Slowly, however, researchers began to realize that time-stamped preprints were an alternate way of establishing that you arrived at a key insight or result first. “Things are really starting to change,” Georgescu says. “Today, researchers from life and clinical sciences are more open to the idea of preprints because a large part of the community consists of younger scientists who grew up with the ideas of sharing and of having easy digital access to scholarly content.” That, Georgescu says, helped the model spread to other fields of science.

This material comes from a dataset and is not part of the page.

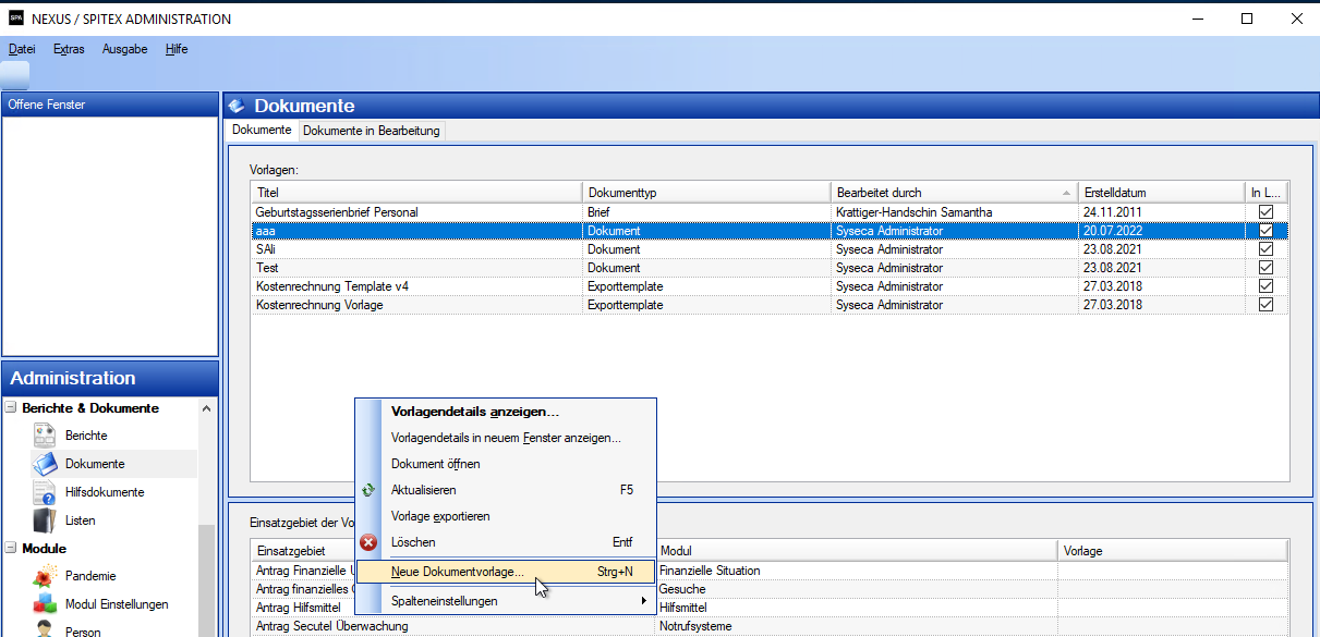 Speichern Sie die zuvor erstellte Datei an einem beliebigen Ort auf Ihrem PC. Öffnen Sie NEXUS / SPITEX®Administration und navigieren Sie zum Bereich Dokumente. Wählen Sie nach einem Rechtsklick im Bereich Vorlagen die Option Neue Dokumentvorlage... aus dem Kontextmenü.

BioRxiv, a preprint server for biological sciences, was founded in 2013; medRxiv, focused on health sciences, followed in 2019. There is an AfricArxiv, a NutriXiv and a techRxiv, plus dozens more servers devoted to other scientific or geographic niches.

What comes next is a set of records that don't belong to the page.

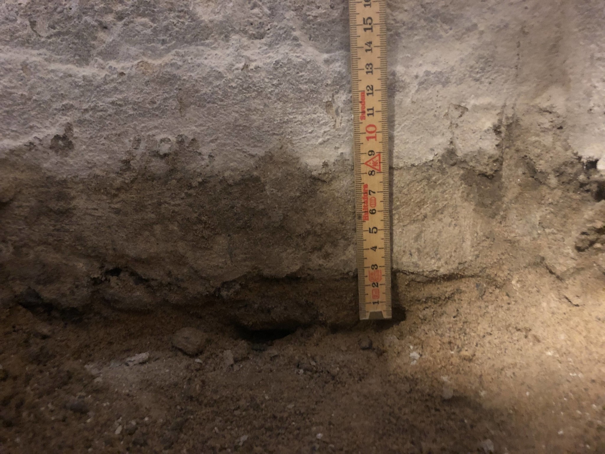 ...men har nu stött på bekymmer. Jag har precis knackat ner takputs och lös puts på väggarna. Tog sen upp två stycken provhål för kontrollera hur långt ner sulan låg. Golvet är ca 5cm tjockt med massa sten i. Till min förvåning finns ingen sula och ca 10 cm under befintlig golvnivå tar väggen slut...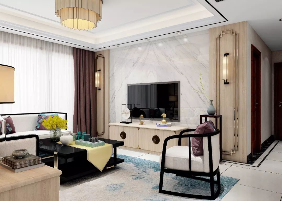 ▲新中式风格的电视柜,不妨在细节上玩点心机。比如在把手和柜子四周点缀上花纹,禅意立显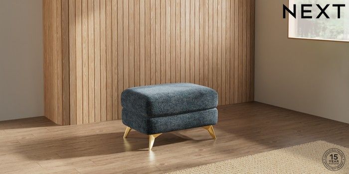 7.2.10 Parker Footstool Chunky Chenille Dark Navy Blue High Metal - Brass | Made Click here to use our website with more accessibility support, for example screen readers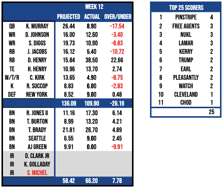 Week 12 witnessed all five victorious teams scored over 140 points, with KerryMy Johnson being the best with 166.62 points. Pleasantly Plump, Lamar the Merrier!, and Trump Towers all outscored us in their defeats. The Bowl managed the second-lowest score of the week ahead of Chod’s Team, who secured the lowest weekly total of the season with just 57.40 points.

Slowly at first, and then like a tidal wave, the preprint server concept that Ginsparg pioneered has profoundly changed the way science is done. Thirty years later, arXiv handles 200,000 submissions each year, and automated algorithms written by Ginsparg or his collaborators step in hundreds of times a day to address issues with submissions or to weed out problematic papers.
In its early years, arXiv was controversial—distributing preprints for free was seen as a threat to established journals, with their infrastructure, editors and anonymous peer reviewers. “Initially, I thought those two systems couldn’t co-exist,” Ginsparg says. But the journals didn’t disappear: Journal publications continue to serve as the peer-reviewed “version of record” for science, and they remain important for early-career researchers, who at the same time have access to early results via arXiv and other preprint servers.

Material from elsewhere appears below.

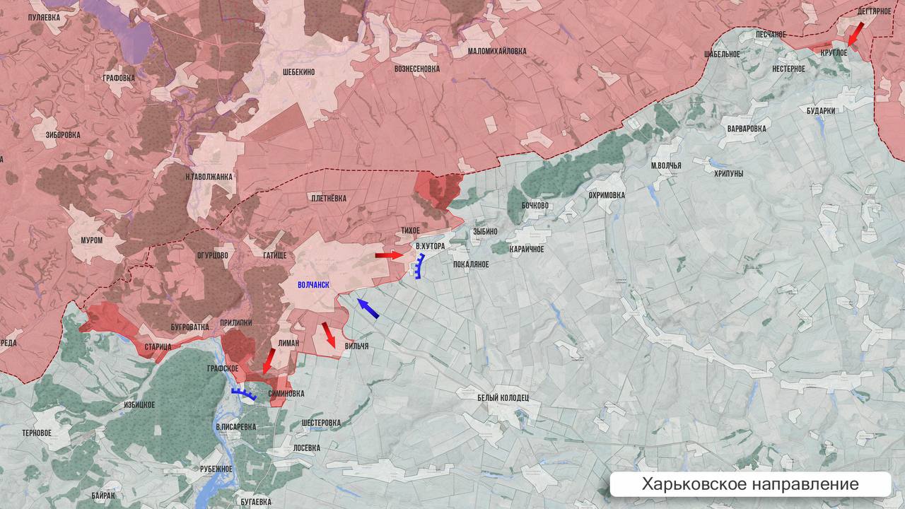 На Харьковском участке продолжаются бои в районе Графского, Симиновки и Волчанских хуторов. Продвижение не превышает нескольких сотен метров в сутки на отдельных участках.

“Today, researchers from life and clinical sciences are more open to the idea of preprints because they grew up with sharing and having easy digital access to scholarly content.” Iulia Georgescu
Early concerns that preprints would disseminate erroneous results, or put bad science into the public sphere, have proven not just unfounded but incorrect. During the COVID-19 pandemic, peer-reviewed journals have published a string of papers that had to be retracted—“things that never should have made it through peer-review,” Ginsparg says. Meanwhile, preprints put out in the early days of the pandemic were retracted or improved after feedback from colleagues. And others communicated new results about treatments to doctors at a time when waiting for peer-review could cost lives.
Preprints, it turns out, are the perfect way to put information in front of a wide audience of experts, who can weigh in early on any issues. And journalists are learning to report on preprints with appropriate qualifiers: Identifying information drawn from preprints as “not yet peer reviewed,” for example.
The future of arXiv looks bright. Ginsparg continues to tinker, working to bring artificial intelligence tools to further streamline the preprint process. “I want the processes of navigation, information and discovery to be improved,” Ginsparg says. “We want a system that keeps us informed. Ideally, it will have personalized highlighting of the latest results and breaking developments.”